We assume, often naively, that our personal data is used, and then deleted, and that there will be no trace of our interaction persisted.

There is not a week that goes by where the news does not have a story about how our privacy has been violated. Violated by the devices that we operate in our homes which listen to, and record, our conversations and yet, we still carry on using those devices to operate our lights, turn on our coffee machines, and in some cases even carry out banking transactions. We happily, unknowingly or unwittingly give away our private, personal data and conversations assuming that the organisations that run these services are trustworthy and will properly protect our personal data. We assume, often naively, that our personal data is used, and then deleted, and that there will be no trace of our interaction persisted.

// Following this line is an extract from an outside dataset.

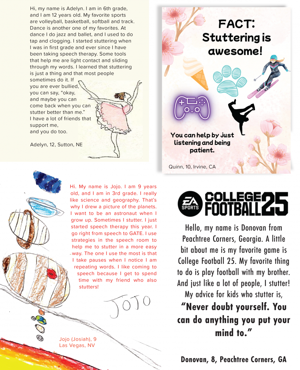 We’d love to hear about your dreams, your victories, the fears you have faced, the ways you’ve been challenged, or anything you wish people knew about stuttering!

“Apple contractors regularly hear confidential medical information, drug deals, and recordings of couples having sex, as part of their job providing quality control, or ‘grading”, the company’s Siri voice assistant.” – The Guardian, July 2019.

However, behind the scenes, we find that our data is far from secure.  We find that our data is passed to numerous cloud-based service without being anonymised.   These services include:

  • Natural language understanding – To try and identify what we said
  • Sentiment analysis – To understand how we may be feeling.
  • Text to speech – To respond in a human like voice.

“We only annotate an extremely small sample of Alexa voice recordings in order improve the customer experience. For example, this information helps us train our speech recognition and natural language understanding systems, so Alexa can better understand your requests, and ensure the service works well for everyone.” – CNet, July 2019.

We also find that organisations are sending our personal un-anonymised data to cloud-based analytics services to understand how the service is performing.  Once the data gets to these services, our personal data may be used for model training and in some cases is even being reviewed by humans (often external contractors) in an attempt to improve the underlying service.

“Google stated that contractors listen to amount to about 0.2% of all recordings, and that user account details aren’t associated with any of them.“ – CNet, July 2019.

So, as we get used to sharing more information with conversational AI interfaces (voice based or text based), how can we do in a way that protects our privacy and personal conversations and how can we use advanced AI services like natural language and sentiment analysis without having our data compromised?

We need to radically rethink how we deliver such services, starting with prioritising our privacy, and start using privacy first AI solutions that put the confidentiality of customers data first.

In order to understand what would be involved in putting together a 100% privacy first conversational AI service, let’s look at the components that are needed in order to facilitate a conversation, either using voice, or text-based entry (such as a chatbot).

Hotword (or wake word) detection allows a device to listen for either single or multiple words then, once the hotword has been recognised, start processing any further input.

Hotword’s are usually pre-determined words that are setup within the device such as ‘Hey Google’ or ‘Alexa’  however some platforms allow you to use your own hotword’s.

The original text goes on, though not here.